Tuesday, March 25
REVIEW: The Grand Budapest Hotel
Directed by Wes Anderson
2014 Comedy Drama
1 hour 40 minutes
From Indian Paintbrush
F. Murray Abraham
I'm running out of Tuesday and racing to get this done and yet I sit here staring at the screen and pondering whether to give this two or three stars. It was not an easy decision but obviously I sided with those qualities that I most admired and the film certainly had some of those.
Wes Anderson, the director, is a piece of work. I don't know his background but was he some sort of whiz kid? Did he direct little pieces with his siblings and the family pets when they were all very young? He seems like the type. His films are all so quirky, if not a bit fantastical, and they all seem to be test runs for this one.
Let's first consider his past achievements. How about The Royal Tenebaums (2001), The Life Aquatic with Steve Zissou (2004), The Darjeeling Limited (2007) and Moonrise Kingdom (2012) for starters? Aren't they all rather distinctively out there? Well, come check into this hotel. Anderson must have been sitting around the lobby with directors like those who helmed Marx Brothers movies and The Three Stooges romps, along with Preston Sturges, Ernst Lubitsch, Blake Edwards, Billy Wilder, George Cukor, Vincente Minnelli. I see their DNA sprinkled throughout this sumptuous comedy.
The aspect that I seemed to care the least about, oddly enough, is the zany plot. The story stretches out between the two great wars, told in flashback, by a former lobby boy who works for a flamboyant concierge who is a slave to his guests (and a bedmate to some) and a fearless leader to his staff. At the heart of the plot we have a stolen painting that has a lot of folks concerned, especially one vengeful clan. It is told against the background of a crumbling European society, the horror of war, tyranny and betrayal. Anderson has a gift for presenting these and other things in the spirit of nostalgia. There is a whimsy and charm afoot here as in most of his work. The most fun came in an imaginative prison-break segment.

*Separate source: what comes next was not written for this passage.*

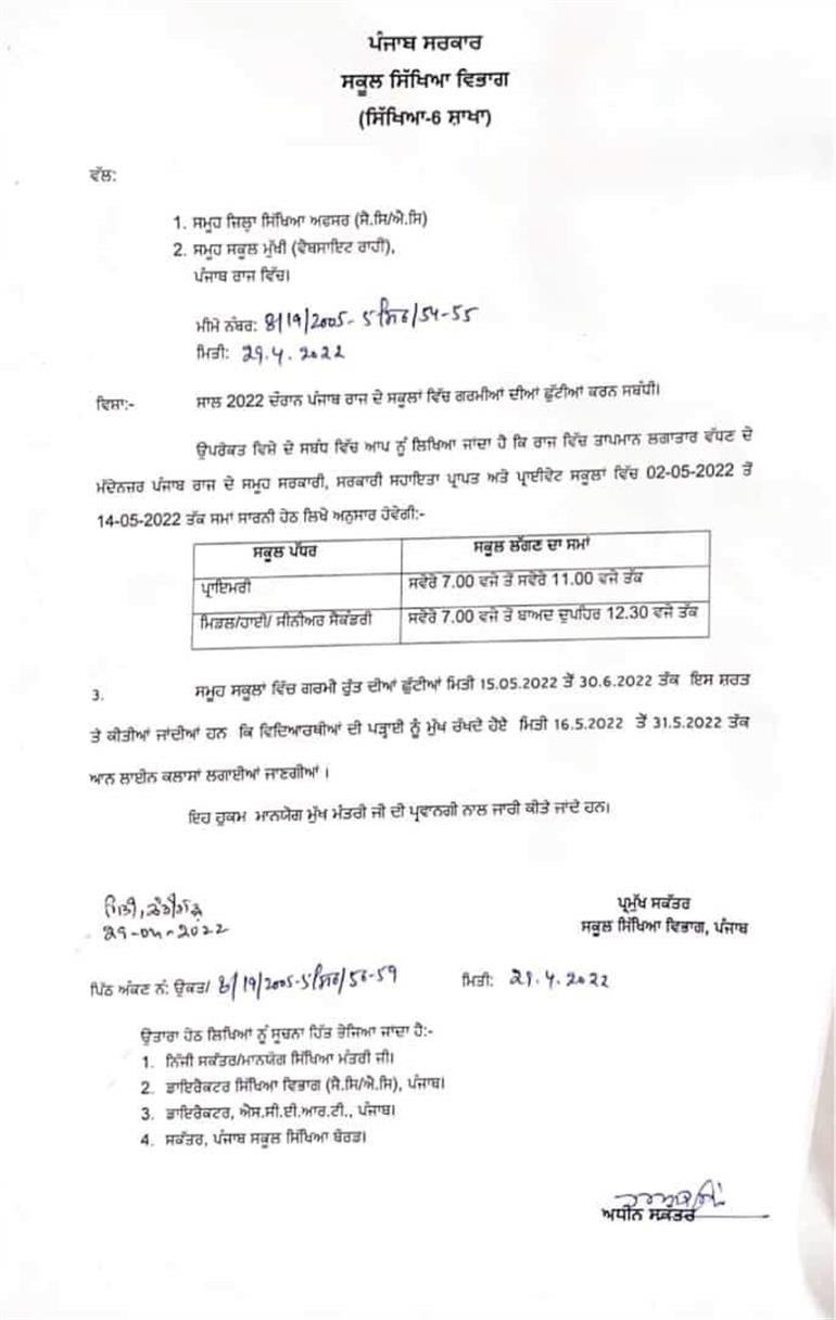 ਜਾਣਕਾਰੀ ਅਨੁਸਾਰ ਮਿਤੀ 2 ਮਈ 2022 ਤੋਂ 14 ਮਈ 2022 ਤਕ ਸਕੂਲਾਂ ਦੀ ਸਮਾਂ ਸਾਰਣੀ 'ਚ ਬਦਲਾਅ ਕੀਤਾ ਗਿਆ ਹੈ। ਪੰਜਾਬ ਸਕੂਲ ਸਿੱਖਿਆ ਵਿਭਾਗ ਵੱਲੋਂ ਜਾਰੀ ਕੀਤੇ ਹੁਕਮਾਂ ਅਨੁਸਾਰ ਹੁਣ ਪ੍ਰਾਈਮਰੀ ਸਕੂਲ ਸਵੇਰੇ 7 ਵਜੇ ਤੋਂ 11 ਵਜੇ ਤੱਕ ਲੱਗਣਗੇ। ਮਿਡਲ-ਹਾਈ ਸੀਨੀਅਰ ਸੰਕੈਡਰੀ ਸਕੂਲ ਸਵੇਰੇ 7 ਵਜੇ ਤੋਂ 12.30 ਵਜੇ ਤਕ ਲੱਗਣਗੇ।

I spent some moments thinking the plot was a little over-hyped and that what was perhaps needed was a little more practicing of the less-is-more strategy, but perhaps others will find this criticism unwarranted. When thinking about how you Anderson devotees (of which I am not particularly one) may put a curse on me for deriding this project in any manner, I shall attempt to duck your slings and arrows.
Here's the good news. This is the most visually-stunning film you are likely to see in quite some time. If how arresting a film looks impresses you in any way, waste no more time. Check in to this hotel as quickly as possible.
If there aren't Oscar wins for the large set and art departments and those involved in miniatures, then something is seriously wrong with the universe. I was agog at the beauty on that screen which also included hair and makeup and costumes and a nostalgic look at props from a bygone era. The camerawork is equally dazzling with frames filled to capacity, shots from every imaginable angle, great matte work and festooned with vivid colors. How we were told of specific places and times was fun to anticipate.
The large cast was equally impressive, although some were little more than cameo roles. It was populated with a number of those who have worked with Anderson before, including four from The Darjeeling Limited alone. Top honors, however, go to Ralph Fiennes and to relative newcomer Tony Revolori, who is virtually in every scene.
Some film enthusiasts may not feel that Anderson broke any new ground here. There is the familiar cast members and the director's famed quirkiness, but the look, a bit like a lovely painting, really deserves some attention.